The 8 UC Personal Insight Questions

  1. Describe an example of your leadership experience in which you have positively influenced others, helped resolve disputes, or contributed to group efforts over time.
             
  2. Every person has a creative side, and it can be expressed in many ways: problem solving, original and innovative thinking, and artistically, to name a few. Describe how you express your creative side.
     
  3. What would you say is your greatest talent or skill? How have you developed and demonstrated that talent over time?
     
  4. Describe how you have taken advantage of a significant educational opportunity or worked to overcome an educational barrier you have faced.
     
  5. Describe the most significant challenge you have faced and the steps you have taken to overcome this challenge. How has this challenge affected your academic achievement?
     
  6. Describe your favorite academic subject and explain how it has influenced you.
     
  7. What have you done to make your school or your community a better place?
     
  8. What is the one thing that you think sets you apart from other candidates applying to the Univ. of California? 

* * * * *

First of all, sad face for getting rid of my favorite prompt ever (click here for a love letter I wrote to the authors of the now-extinct UC prompt). Anywho, the UC prompt is dead; long live the UC prompt. 
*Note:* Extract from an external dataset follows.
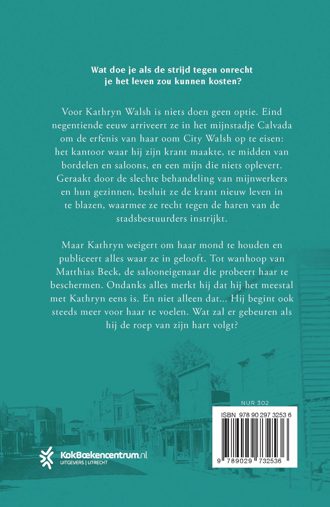 Voor Kathryn is niets doen echter geen optie. Eind 19e eeuw arriveert ze in het mijnstadje Calvada om haar ooms erfenis op te eisen: het kantoor waar hij zijn krant maakte, te midden van bordelen en saloons, en een mijn die niets oplevert. Geraakt door de slechte behandeling van mijnwerkers en hun gezinnen, besluit ze het krantje nieuw leven in te blazen. Daarmee strijkt ze recht tegen de haren in van de mannen die het stadje besturen. Maar Kathryn weigert om haar mond te houden en publiceert alles waar ze in gelooft. Tot wanhoop van Matthias Beck, de salooneigenaar die haar probeert te beschermen.

Your mission, should you choose to accept it, is to choose four of these topics and write 350 words on each.

 

Quick note on the term “personal insight questions” vs. “essay”

Notice these are called “personal insight questions” and not “essays.” 

Why the rename? As I understand it, some of the directors felt (and feel) that “essay” = “academic piece of writing.” And I agree that for some people the word “essay” is intimately connected with AP English style writing. And the UCs are not looking for an academic piece of writing--they’re looking for something else (more on that something else in a moment).

And though my New Oxford American Dictionary tells me the word “essay” simply means “a short piece of writing on a particular subject,” I’ll respect their opinion.

 
 

So know that when I use the word “essay” in this article I do not mean academic writing (like for an English class), I mean “a short piece of writing on a particular subject” (spoiler alert: that subject is you). And the views in this article are mine alone and not the UC directors'.

All right, let’s do this. 

Here are a few things you need to know about the UC essays (sorry, short-pieces-of-writing-on-a-particular-subject-that-is-you):

1. The UCs are looking for some very specific information. They have detailed it in the 14 points of comprehensive review.

That’s right: there are 14 factors the UC readers use to evaluate your application (it’s public info, posted on the UC website here).

The 14 Factors of Comprehensive Review for the UC system are...

1. Grade-point average
2. Test scores
3. Performance in and number of courses beyond minimum a-g requirements
4. UC-approved honors courses and advanced courses
5. Eligibility in the Local Context (ELC) – CA residents only
6. Quality of senior-year program of study
7. Academic opportunities in California high schools
8. Outstanding performance in one or more academic subject areas
9. Achievements in special projects
10. Improvement in academic performance
11. Special talents, achievements and awards
12. Participation in educational preparation programs
13. Academic accomplishment in light of life experiences
14. Geographic location 

Note: No single factor determines admission, as your application is evaluated holistically.

(We’ll take a closer look at these in lesson 1.2, btw.)

The next thing you should know is this:

2. Each of the eight personal insight questions is connected to one or more of the 14 points of comprehensive review.

I know this because the UC directors have publicly said this. So it’s a good idea to ask yourself, as you’re brainstorming your four topics, how will this help me on the 14 points of comprehensive review? (Tip: Your essay/personal insight question responses could connect to several of the 14 points.) Also note:

3. The UCs have done a GREAT job providing some useful information on how you can answer these prompts. For some good contextual advice click here and for some basic writing advice click here.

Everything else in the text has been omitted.